The paradox of rising FPI inflows, falling FPI registrations

Market experts say that with big global firms such as Blackrock, Fidelity and JP Morgan already managing several funds with India exposure, offshore fund managers may not be inclined to establish more investment vehicles in the country. (AFP)
Market experts say that with big global firms such as Blackrock, Fidelity and JP Morgan already managing several funds with India exposure, offshore fund managers may not be inclined to establish more investment vehicles in the country. (AFP)

Summary

  • Market experts blame the decline in FPI registrations on global headwinds, although they expect strong offshore inflows to continue owing to positive domestic factors

NEW DELHI/MUMBAI : Registrations by foreign portfolio investors in India this year were the fewest in at least 10 years, although foreign investments have continued to rush in.

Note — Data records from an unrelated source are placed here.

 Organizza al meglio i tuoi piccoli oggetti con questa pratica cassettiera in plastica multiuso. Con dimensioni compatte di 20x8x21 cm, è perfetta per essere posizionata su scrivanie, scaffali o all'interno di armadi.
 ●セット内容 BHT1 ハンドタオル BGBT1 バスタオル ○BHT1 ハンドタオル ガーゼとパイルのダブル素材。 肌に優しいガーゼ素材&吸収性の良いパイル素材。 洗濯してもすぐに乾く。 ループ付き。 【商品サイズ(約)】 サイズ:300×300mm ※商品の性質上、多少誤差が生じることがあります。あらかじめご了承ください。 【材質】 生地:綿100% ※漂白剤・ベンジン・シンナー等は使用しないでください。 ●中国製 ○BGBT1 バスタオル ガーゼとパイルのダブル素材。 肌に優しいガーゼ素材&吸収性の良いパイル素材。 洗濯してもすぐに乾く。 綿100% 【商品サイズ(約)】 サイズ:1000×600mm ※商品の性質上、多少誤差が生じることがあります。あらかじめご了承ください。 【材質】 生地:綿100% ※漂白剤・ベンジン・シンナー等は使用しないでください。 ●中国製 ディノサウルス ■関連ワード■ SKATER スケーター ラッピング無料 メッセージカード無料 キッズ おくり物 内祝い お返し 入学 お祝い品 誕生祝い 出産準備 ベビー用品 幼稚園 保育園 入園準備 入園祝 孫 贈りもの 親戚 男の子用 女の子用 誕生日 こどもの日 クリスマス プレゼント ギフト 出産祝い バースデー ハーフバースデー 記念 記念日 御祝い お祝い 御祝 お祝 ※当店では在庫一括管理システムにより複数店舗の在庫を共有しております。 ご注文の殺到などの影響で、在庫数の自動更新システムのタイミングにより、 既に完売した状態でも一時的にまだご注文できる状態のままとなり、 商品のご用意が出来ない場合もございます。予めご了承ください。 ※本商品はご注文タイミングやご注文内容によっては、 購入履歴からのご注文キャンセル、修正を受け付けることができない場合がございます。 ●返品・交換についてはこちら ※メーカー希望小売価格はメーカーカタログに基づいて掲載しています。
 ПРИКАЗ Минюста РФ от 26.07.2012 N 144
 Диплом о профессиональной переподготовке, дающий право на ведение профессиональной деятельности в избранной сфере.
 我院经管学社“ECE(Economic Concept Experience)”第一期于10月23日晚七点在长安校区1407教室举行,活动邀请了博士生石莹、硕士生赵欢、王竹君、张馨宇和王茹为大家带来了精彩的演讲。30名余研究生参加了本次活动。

Market experts pinned the steep decline in registrations on global economic headwinds, while pointing out that FPIs already in India have delivered stellar returns in recent years.

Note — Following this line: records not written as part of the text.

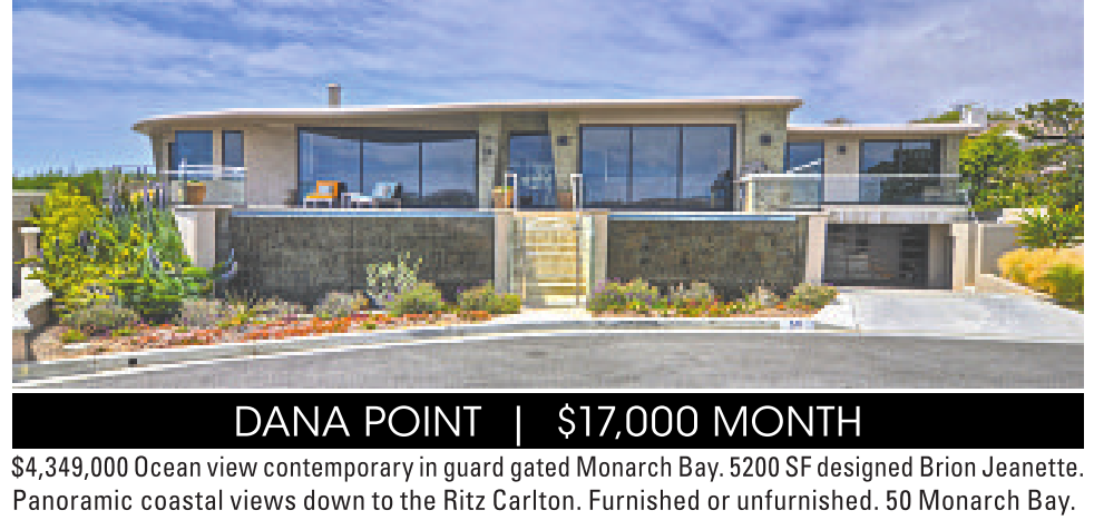 $4,349,000 Oceanviewcontemporaryinguard gatedMonarch Bay. 5200 SF designedBrion Jeanette. Panoramiccoastal viewsdowntothe Ritz Carlton. Furnishedorunfurnished. 50 MonarchBay.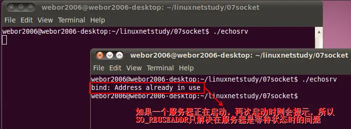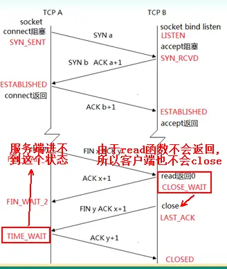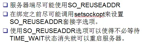 另外这个状态上面也提到了,会保留2倍的MSL时间才会消失,如果服务器端保留两倍的MSL时间,这时候就会导致服务器端无法重新启动,如果没有调用SO_REUSEADDR话。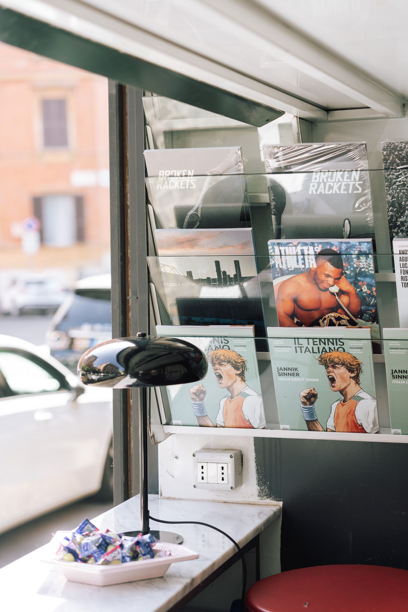 Inoltre, dal 16 al 19 maggio, EA7 Emporio Armani ha collaborato con Edicola Erno (Edicola Romana Non Ordinaria) che, in occasione delle fasi finali del torneo, è diventata un punto di riferimento e ritrovo, al di fuori del Foro, per gli appassionati di tennis. L’iconica edicola, in piazza Ludovico Capponi, a due passi da San Pietro, è stata totalmente brandizzata EA7 e proporrà una selezione esclusiva di libri d’epoca, testate attuali e vintage, tutte dedicate al mondo dello sport e del tennis. Ad accoglierci all'edicola Francesca Schiavone, indimenticata campionessa sulla terra rossa e brand ambassador di EA7: "È iniziata per amicizia e stima"- ci racconta - "Poi essere vestiti da un brand che è il simbolo della moda e dell'eleganza in Italia è un sogno". La tennista che è riuscita nell'impresa di conquistare il Roland Garros nel 2010, il massimo torneo di terra battuta del circuito, spiega le emozioni di scendere in campo al Foro Italico, dove il tifo incessante sostiene i nostri tennisti e sceglie i suoi beniamini con grande precisione.

Only 167 offshore funds set up shop in India this year, down from 604 in 2022, show data compiled from the Securities and Exchange Board of India. The last time FPI registrations were at this year’s level was in 2019, at 169.

India, however, has been receiving robust foreign inflows, outperforming other emerging markets. In 2023, India received net FPI inflows amounting to ₹2.3 lakh crore, of which ₹1.6 lakh crore was from equities—the best since 2020 when foreign funds pumped ₹1.7 lakh crore into India.

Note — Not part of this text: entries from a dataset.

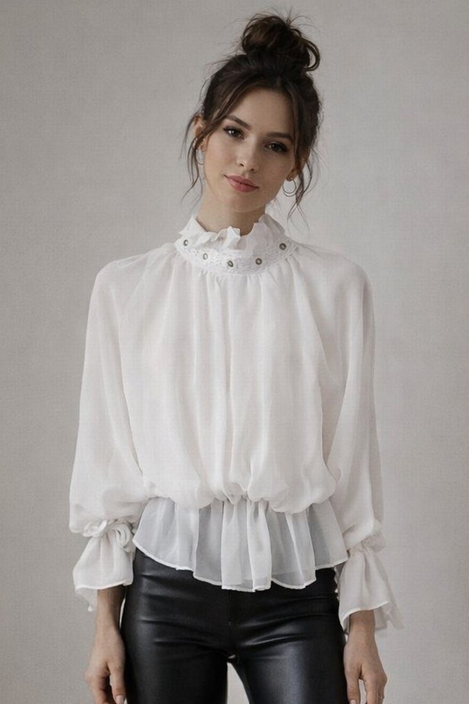 Yumuşak pamuktan yapılmış, beyaz, yüksek yakalı ve fırfırlı detaylara sahip, bol kesim uzun kollu bluz. Parlak yüzeyi ve rahat kesimiyle ofis için uygun.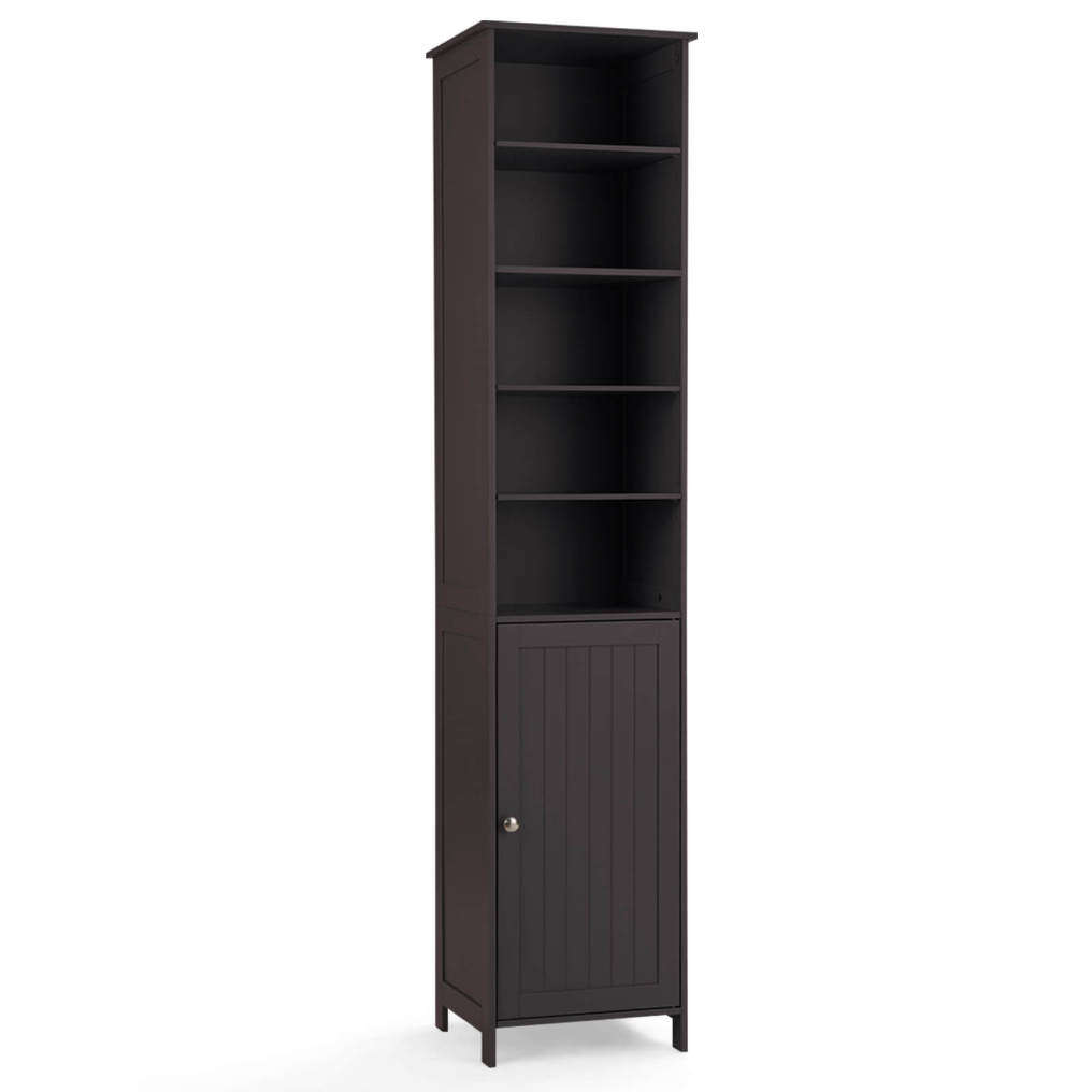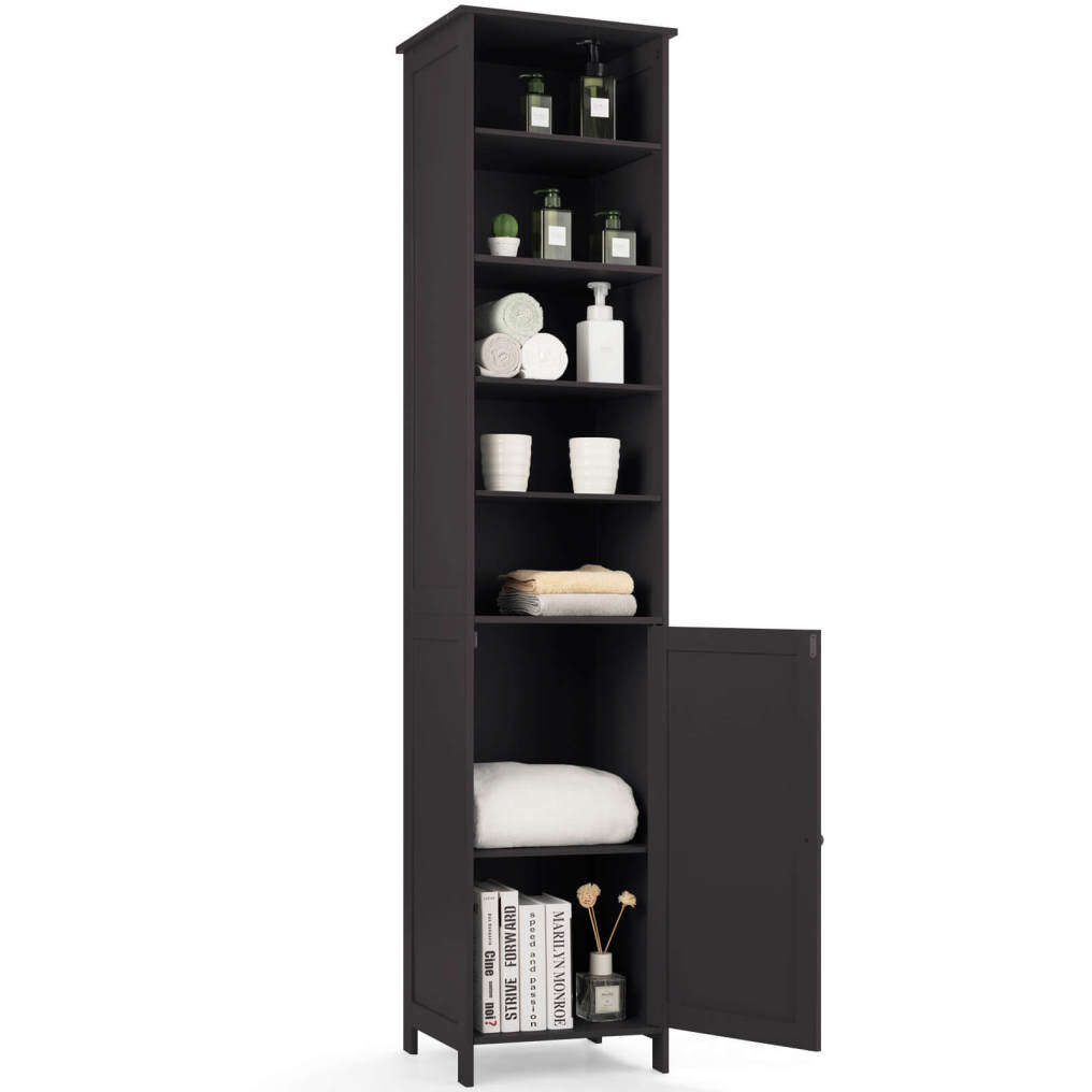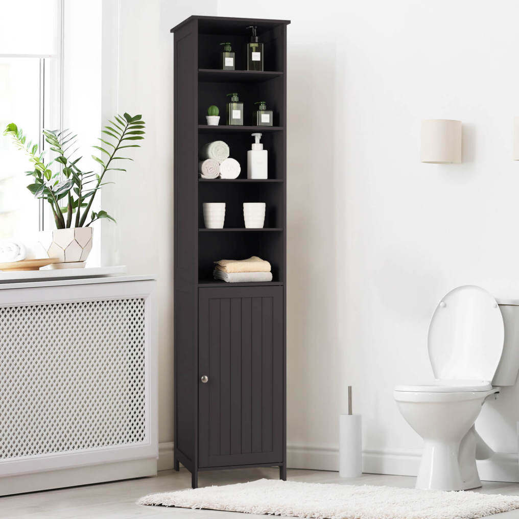 ● Smart and Modern Design: A wonderful all-around pragmatic bathroom tower storage cabinets. It was consist of five open shelves and one cupboard with door, with plenty of storage space for you to arrange your towels, plants or cosmetics, also hide some personal or unseemly necessities like toilet paper and cleaning products.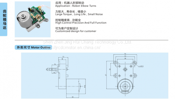 Shenzhen Jing Rui Chang Technology Co., Ltd. was founded in 2011,which is a collection of professional research , development and sales of DC micro-motor in Guangdong Province.The company has professional research and development equipment and advanced management concept, also has a large number of advanced technical personnel and management personnel in the field of micro-motor. It has strong product development and production capacity.The products are metal brush motor, carbon brush motor, gear motor, brushless motor, steel pipe straight motor and other kinds of dc motor, and the products are widely used in medical, household, beauty, health care, car, model aircraft, electrical and electronic, office supplies, Banks, communications equipment and other fields.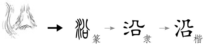 “沿”字本义是指顺着河流漂向下游。字形采用“水”作形旁,“㕣”(yǎn)作声旁,是“谷”的变形,意为山谷。现在,“沿”也指遵循、因袭,如“沿袭”,指依照旧传统或规定办理。
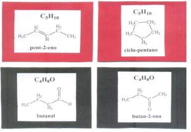Ojogo “Pareando Isômeros”, semelhante ao jogo de memória, foi aplicadono submodelo RPE (Figura 1, Etapa 4, Estação 01). Cinco pares de cartas nas cores marrom, amarelo, verde, vermelho e preto foram elaboradosem papel cartão(10,5x8,0 cm),utilizando o ChemDraw. Asfórmulas químicas, estruturas moleculares e nomenclaturas dos isômerosforam impressas em papel A4, recortadas e cada par de isômeros foi colado nas respectivas cartas, respeitando as mesmas cores.Os isômeros selecionados para comporem as cartas do jogo foram: butan-1-ol/butan-2-ol e 1,2-dimetil-ciclo-hexano/1,4-dimetil-ciclo-hexano (isomeria de posição); butanal/butan-2-ona (isomeria de função); ciclo-pentano/pent-2-eno (isomeria de cadeia); N-metil-N-propilamina/N,N-dietilamina (metameria) e propanal/propenol (tautomeria).Os pares de cartas do jogo “Parenado Isômeros”correspondentes às isomerias de cadeia e de função estão representados na Figura 2.

Combining equity and debt flows from FPIs, 2023 has been the best year since 2014, when India witnessed offshore investments to the tune of ₹2.5 lakh crore, depository data show.

Market experts said that with big global firms such as Blackrock, Fidelity and JP Morgan already managing several funds with India exposure, offshore fund managers may not be inclined to establish more investment vehicles in the country.

“This reduces the need for trustees to set up new investment vehicles that need to register with Sebi for running an India-dedicated fund," said UR Bhat, co-founder, Alphaniti Fintech. “Besides, these funds are receiving greater flows, which to an extent obviates the need for a greater number of India-dedicated funds."

Suresh Swamy, partner, Price Waterhouse and Co LLP, said although new fund registration data may seem subdued, newer opportunities are emerging in India.

“We are witnessing an encouraging trend of first-time fund managers setting up in International Finance Services Centre (IFSC), GIFT City, which should also be factored into the overall tally," he said. 

“Alongside this, there are numerous funds currently in the pipeline, and we anticipate a surge in debt funds driven by the India bond inclusion factor."

Regulatory experts said the global fund industry is grappling with multiple headwinds including potential interest rate hikes and a slowdown in the technology startup space.

“I think the slowdown in new FPI registrations is largely due to global headwinds and not a reflection of the Indian growth trajectory. In the medium- to long-term, FPI inflows should continue to accelerate due to multiple positive factors unique to India," said Rajesh Gandhi, partner, Deloitte India.

“While we have seen heightened interest from newer countries like the UAE and Russia, I feel the bulk of incremental inflows will continue to come from the US and Western Europe."

Off-shore investors may also be opting to enter India through FPIs already in the country, given their performance in recent years, said Andrew Holland, CEO, Avendus Capital Public Markets Alternate Strategies.

“The fact of near-record FPI investments this year could imply that existing funds are attracting more money from foreigners to invest into Indian markets, obviating the need for new funds, which could explain the drastically lower FPI registrations," he said.

New FPI registrations typically are a function of two major factors in India: relative performance of the Indian market, and the regulatory landscape. 

While India has largely outperformed emerging markets in the past decade, regulatory factors such as obtaining licences and taxation remain major concerns.

In 2019, the market regulator ushered several major policy changes that significantly simplified the FPI registration process in India. Importantly, Sebi in collaboration with the government laid down a framework for a single-window clearance for FPI licences.

Earlier, off-shore funds had to deal separately with multiple regulators including Sebi, the Reserve Bank of India, and the tax department. 

Sebi has also simplified the FPI registration process by doing away with several unnecessary compliance requirements.